Lessons learned from publishing the reassortment paper

The paper can be found here (preprint, freely available; accepted at PNAS and in press).

In no order of importance, here are the things I would tell myself to do from the start.

Lesson 1. Computational work requires simulated data.

Creating simulated data is paramount. Just as writing an idea down for an audience forces out the details, creating simulated data for an algorithm forces out the assumptions.

Lesson 2. Use pre-submission inquiries!

Don’t waste time formatting papers for journals. Write it up, write the abstract, and use pre-submission inquiries to rapidly iterate over the journals that are likely to accept or reject the paper.

Lesson 3. Use pre-print servers.

Scientists funded by public money should have their work disseminated back to the public in due time. Put written work on pre-print servers; Knowledge Without Barriers is worth it! In fact, it may even pay off to be radical, and write the whole paper in the open.

Lesson 4. Dare to try for a wide audience.

If not for Jon’s encouragement, I might not have had the guts to try for the broad readership journals. In most cases, I know it won’t pay off; in this case, I’m thankful it did.

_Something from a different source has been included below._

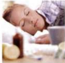
2. lie down
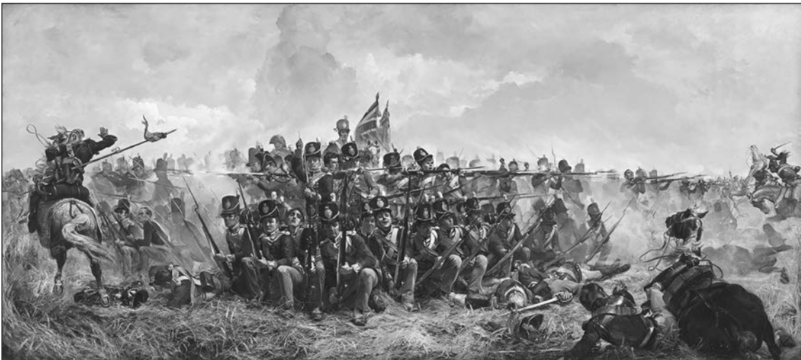
[British soldiers in the Napoleonic War]

Lesson 5. Writing with clarity is difficult.

Crafting the scientific narrative around the data was a difficult iterative process. It was difficult taking that step of chopping off a ton of derivative data that did not contribute to the scientific insight being conveyed, but in the end, I think it was necessary.

Lesson 6. The non-linear path in science is real.

Israeli scientist Uri Alon described the non-linear path that a scientist takes. At the outset, I first thought of the scientific narrative to this project as being “a better reassortment finding algorithm”, and that’s where and how I focused my efforts (small datasets, simulations). It later changed to “here’s the state of reassortment in the IRD”, and that was reflected in expanded data scope and optimizations (hacks, really) to work with computing clusters and large datasets.

But only later I realized the really exciting problem we were solving was “quantifying reticulate evolution importance in context of ecological niche switching”, a broadly general problem with great basic scientific interest (if nonetheless lacking in public health importance).

Therein lies the tension of all creative work. One needs to convince people of one’s direction early on. Yet, later on, the direction may pivot, and one needs to be ready for that, and to convince stakeholders in it.

Lesson 7. A first-draft template for scientific project management.

I now think of it as a “folder” of stuff that should be kept together, version controlled, and done openly. This is just a first draft, still evolvable.

  1. Data – everything collected and used, in its raw-est form available.
  2. Code – for processing data, and for generating figures.
    1. New software packages should be kept as a sub-folder, isolated from the rest of the work.
    2. Software packages, for the scientist, are essentially code written that provide functions written to do the similar stuff over and over.
  3. Protocols – for experimental work.
  4. Manuscript – written openly as the work progresses.

Lesson 8: The transferrable things a graduate student has to learn.

By this, I mean stuff beyond the “good’ol do-your-experiments/write-your-code properly”. This is an incomplete list, hoping to expand it further.

  1. Prioritizing time to get the most important stuff done, not merely being efficient in crossing off todo lists.
  2. Saying “no” to good stuff, to leave time to say “yes” to the best stuff. (same as the above point, really.)
  3. Learning how to craft a narrative that ties data together logically, and connects the data to a specifically important problem.
  4. Leveraging others’ strengths to achieve common goals, and expanding one’s own strengths.
  5. Learning how to learn and apply new things really quickly. (Something I’d like to expand on later.)

Lesson 9: Keep writing.

Ultimately, the end product of our work is a written piece. Therefore, early on, start writing the narrative as an abstract. Get the narrative out there. And then rewrite and expand on the narrative until it is self-coherent, coherent with the data, and connects to an important problem.

Lesson 10: The problem space is infinite.

I don’t believe that scientific competition is healthy. The problem space is infinite; the narrative space is as well. Getting scooped is not something to be worried about. Work openly, and rapidly advance your work on hand.

The back-story to our publication on influenza reassortment.

For the reader of a newly-published article, all that we see is precisely that – the article itself. We rarely get to hear about the back-story of that paper, or the choices that were made, the struggles involved, and the emotional ride taken. I thought I’d take the time to document what the back-story to our manuscript on influenza reassortment was like. Hopefully, it’ll let other junior trainees know that nobody’s alone in the struggle.

Now, where shall I start…?

Continue reading

Life after Science One: A Journey in Computation and Creativity

Writer’s note: This blog post was written for the class of Science One 2015/2016, 9 years on after my own experience in Science One 2006/2007. My classmate, Jacob Bayless, is giving a talk to them titled “Life After Science One”, and reached out to me for some perspectives on learning computation. Here’s my piece, for him, and for this year’s class and beyond.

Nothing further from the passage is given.